Figure 3: Left the order of bits 1-16 from least to most significant in a 4x4 pixel block. Middle a grid of 16x16 pixels split into 4x4 blocks storing a 16-bit image. Right the same image displayed in gray-scale.
Figure 4: Left to right, an analog image captured by SCAMP5 being converted into the digital 4x4 pixel block format and then converted back into an analog image. Note the decrease in resolution from 256x256 to 64x64.
Figure 5: Illustration of 4x4 block bit-shift up (top) and down (bottom) along with corresponding patterns loaded to transfer-direction registers.

2.3 Bit Arrangement And Shifting

The order of bits in a single 4x4 block, from most significant to least significant are shown in figure 3. This arrangement consists of a continuous zigzag path or ”bit snake”, with each bit location neighbouring both the next and previous most significant locations. In SCAMP-5 pixels may only communicate with their four immediate neighbours, and transferring data from one pixel to another located far across the array involves many operations shuffling data from pixel to pixel. The proposed bit snake pattern avoids this issue when bit-shifting the image, as each pixel may immediately transfer its data to the location of the next or previous bit. The bit-shifting operations are illustrated in figure 5. The direction in which each pixel transfers its data is determined by four control registers, R-NORTH,R-SOUTH,R-EAST,R-WEST, each specifying a different transfer direction. By loading the correct patterns into these registers for each 4x4 ”pixel” block, a single data transfer operation can be used to bit-shift the entire image, moving all pixel data forwards or backwards along the bit snake within each 4x4 block. This gives us an efficient parallel way to bit-shift images in the 4x4 block format, a vital component for image addition and subtraction.

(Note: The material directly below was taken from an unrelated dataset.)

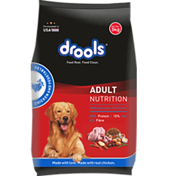 Drools Chicken and Vegetables Adult Dog Food is specially formulated with the right balance of protein and essential nutrients to help your dog maintain lean muscle and overall health during their adult years. Made with real chicken and vegetables, and no by-products, you can trust that you’re giving your pet wholesome nutrition. As dogs enter adulthood, they require a balanced, nutrient-rich diet to sustain energy levels, support immunity, and promote long-term health. This recipe helps build strong bones, healthy muscles and teeth, and supports both immunity and digestion—keeping your dog active and happy through every stage of life.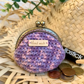 Ce petit porte-monnaie aux couleurs très douces, lila et rose, a été crocheté à la main avec du coton naturel recyclé. Ses jolies couleurs pastel en font un modèle très féminin.

2.4 Addition and Subtraction

Performing image convolutions using ternary weights requires being able to perform a sequence of image additions and subtractions. This section describes how to perform these operations upon images in the 4x4 block format.

2.4.1 Addition

Performing image addition between images A and B involves calculating the two intermediate images AND(A,B) and XOR(A,B). These can be generated using a combination of the NOR and NOT operation native to SCAMP5 digital registers. If the content of AND(A,B) is a black (all 0s) image, there are no bits set in the same locations anywhere across A and B, and the result of the A+B is simply XOR(A,B). However if the image AND(A,B) has set bits within it, then it is copied and bit-shifted up, as the bits set in the same locations across A and B are added together. Image A is then replaced by A=XOR(A,B), B is replaced by B = BitShiftUp(AND(A,B)), and the entire process is then repeated until AND(A,B) contains no set bits. This process is illustrated on two 4x4 blocks in figure 6.

2.4.2 Subtraction

The process of subtracting an image B from image A follows a similar set of steps to addition. The images XOR(A,B) and AND(!A,B) are generated using native NOR and NOT operations, AND(!A,B) then holds the carry for the subtraction, and XOR(A,B) the intermediate result. If the carry image has set bits it is bit-shifted up and with image B replaced by B = BitShiftUp(AND(!A,B)) and image A replaced by A = XOR(A,B). This sequence of steps is then repeated until the carry register is empty of set bits, upon which XOR(A,B) is returned as the subtraction result. This process is illustrated in figure 7.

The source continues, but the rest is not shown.